Helmut Schmidt, Published May 29 2010
Fargo’s buyouts don’t go up for saleFargo, unlike Moorhead or Cass County, doesn’t resell homes on the Red River it purchases in its buyout program – and city officials say that’s unlikely to change soon.
Instead, Fargo follows a strategy that’s a mix of salvage, demolition and home moving.
Working with home sellers, Habitat for Humanity and construction firms, the city’s idea is to contract with firms to clear homes off lots fast so levees and floodwalls can be built.
That’s how it worked for 24 homes Fargo purchased for $7.1 million in 2009, and that’s how it’s shaping up this year, officials say.
It’s not that the city is averse to making a buck back for the taxpayers, City Administrator Pat Zavoral said Friday. It’s that the homes sell for pennies on the dollar and they are tough to move.
About 40 homes were purchased in the mid-1990s when the city built its water plant, he said. The sale netted about $80,000. But, because Fargo is urbanized, there are large trees and power lines to move homes around.
“That sort of showed us it wasn’t practical for us to do it (move homes) in the inner city,” Zavoral said.
Similar problems popped up in the northside Ridgewood area after the 1997 flood, Zavoral said. Contractors only got one home out, he said.
Fargo bids out home salvage and demolition contracts, Zavoral said. Firms awarded contracts to give the city a discount on demolition if they get salvage rights.

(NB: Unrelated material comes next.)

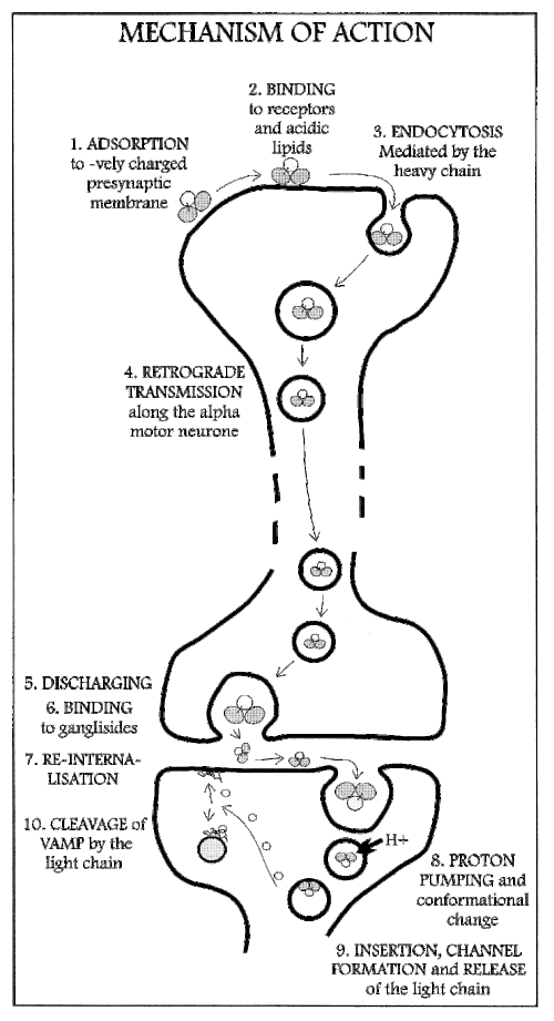 При инфицировании человека, тетанотоксин распространяется по лимфатической и кровеносной системам (не оказывая на них существенного влияния). Через нервно-мышечный синапс токсин попадает в аксон и далее по механизму ретроградного транспорта с участием моторных белков динеинов поступает в центральную нервную систему[3][4]. Там он блокирует высвобождение ГАМК и глицина (тормозных нейромедиаторов) из нервных окончаний путём расщепления синаптобревина[5] (белка, который осуществляет экзоцитоз везикул с нейромедиаторами в синаптическую щель). Токсин необратимо поражает нервные окончания[3], и функция нерва может восстановиться только путём образования новых терминалей и синапсов.

Homeowners and Habitat for Humanity may get to salvage items, too, which can leave homes as shells.
“We’re still dealing with people’s homes,” Zavoral said. “We’re trying to respect their emotions, too.”
This spring, the contract for Industrial Builders to salvage and remove homes was extended under the flood emergency. It paid off for the firm on one property when it sold a home at 701 Harwood Drive S., carved it into sections, and moved it before the river rose.
If the company had needed two more days, the $1.15 million house would have been kindling, said Senior Engineer April Walker. All contracts call for the city to get bare ground.
Four homes will be torn down this summer, said Assistant City Attorney Butch McConn. Two homes that are getting levees built in their backyards might be sold in an exception to the rule, he said.
On Thursday, Cass County netted $326,250 from the sale of 35 buyout homes and other buildings. They were purchased with nearly $9 million in federal, state and local funds.
County Auditor Mike Montplaisir said the county’s experience has been consistently positive.
“It makes every sense in the world” for the county to get more buyout funds by reselling homes,” he said. “It saves a lot of money.”